Customary of all kinds of disasters, the island continent has been plagued for three months by one of the most destructive it has ever known. The link with global warming, itself impacted by humans, is established, while Canberra remains a very bad student in the fight for a more sustainable planet. Will Australia get out of its ecological lethargy in the face of what now imposes itself as its immense challenge? In the street as in intellectuals and scientists, anger is in any case eruptive.

Australia is burning on a surface which, in human memory, has never been so vast. Last summer, the appalling fires in the Amazon rainforest violently struck public opinion worldwide. Barely a few months later, when they are not forgotten, they are relegated to the rank of wisps in front of the gigantic flame of the Australian bush flames. Besides, the plumes of smoke rising around the edge of the island flew away… to Brazil , 12,000 km across the Pacific, in a cynical game of communicating vessels. Since September, this proud land of wonders has been discovering the apocalypse .

The clouds of smoke generated by the fires suffocate Australia. GLEN MORE via REUTERS

Scientific red alerts…

Southern summer is just beginning. Heat spikes and fires can still occur in the next two months. But the trimbal season already a procession of human (27 to 9 January) and animal victims - the estimate advanced by Professor Chris Dickman and confirmed to RFI of 1,000,000,000 animals "affected" gives the dimension of the current disaster - and material damage (8.5 million burnt earth, two thousand houses reduced to ashes). The human toll is limited in view of the destructive nature of the fires, thanks to the considerable efforts of the firefighters. But it is also due to the very good forecasts from meteorologists. The firefighters were able to anticipate their operations better than in the past, ”says Australian meteorologist Neville Nicholls, joined by us.

The vicious circle is known . First, temperatures rise: 2019 was
the warmest year on record, 1.5 ° C higher than the long-term average and December was the warmest and driest month (40% less precipitation). These extreme heats (summers above 40 ° C have been regular for almost ten years) generate faster evaporation and drying of the vegetation, changed into a highly flammable fuel.

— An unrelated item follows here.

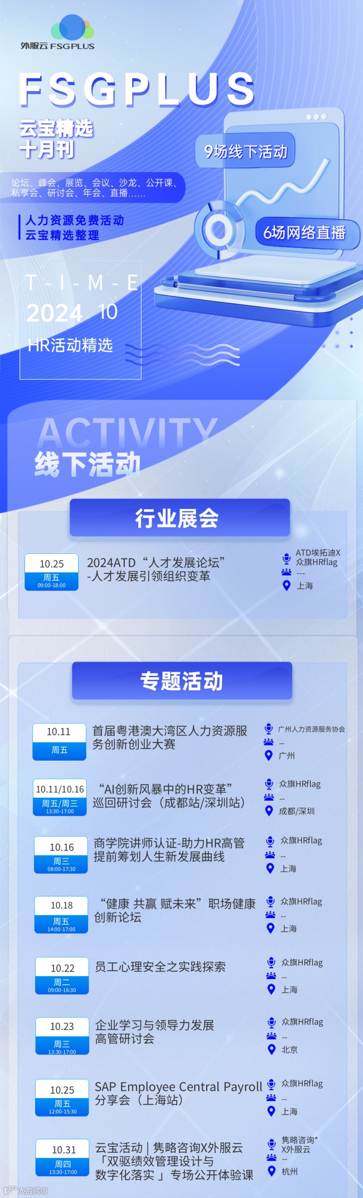 云宝整理了10月全国(部分)人力资源行业活动日期及举办地点、预计人数,供各位企业HR参考。

Ten years ago, the country knew the most deadly fires: 173 died during the episode of Black Saturday in 2009, which ended the long drought called "Millennium". Then, in the following two years, Australia suffered the most devastating floods in 150 years, in southeast Queensland (35 dead, 200,000 people affected, $ 2.3 billion in damage).

And this scenario is feared by many agricultural and climate scientists, in Australia as in France or elsewhere: interannual climatic variations, concrete short-term effects of climate change, when it is not fact that an average calculated over a few decades. “After a long drought, there can be heavy rainfall which causes flooding. However, the ground is hard and dry, and the flows are violent, because there is no more vegetation to slow them down. In addition, they cause fire ash in dams and water tanks, which creates other problems, ”says Nicholls.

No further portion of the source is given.